Issue 5, 2011

Fruit juice-induced endothelium-dependent relaxations in isolated porcine coronary arteries: evaluation of different fruit juices and purees and optimization of a red fruit juice blend

Abstract

Numerous studies have indicated that several polyphenol-rich sources such as red wine and green tea are potent inducers of endothelium-dependent relaxations in isolated arteries. As various fruits and berries are known to contain high levels of polyphenols, the aim of the present study was to assess the ability of selected pure fruit juices and purees as well as blends to cause endothelium-dependent relaxations in isolated arteries. Vascular reactivity was assessed using porcine coronary artery rings, and fruit juices, purees and blends were characterized for their content in vitamin C, total phenolic, sugar and antioxidant activity.
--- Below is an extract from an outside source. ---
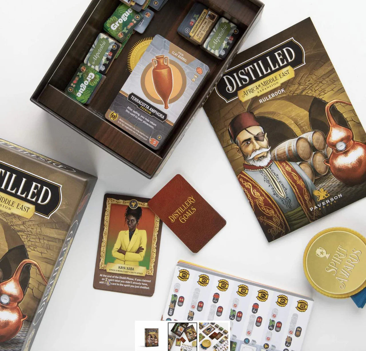 The Distilled Africa and Middle East Expansion adds over 100 cards and tokens to the game, including new recipes, spirits, identities, upgrades, and more to expand and diversify your Distilled gameplay experience!

Fruit juices and purees caused variable concentration-dependent relaxations, with blackcurrant, aronia, cranberry, blueberry, lingonberry, and grape being the most effective fruits. Several blends of red fruits caused endothelium-dependent relaxations. Relaxations to blend D involved both a NO- and an EDHF-mediated components. The present findings indicate that some berries and blends of red fruit juices are potent inducers of endothelium-dependent relaxations in the porcine coronary artery. This effect involves both endothelium-derived NO and EDHF, and appears to be dependent on their polyphenolic composition rather than on the polyphenolic content.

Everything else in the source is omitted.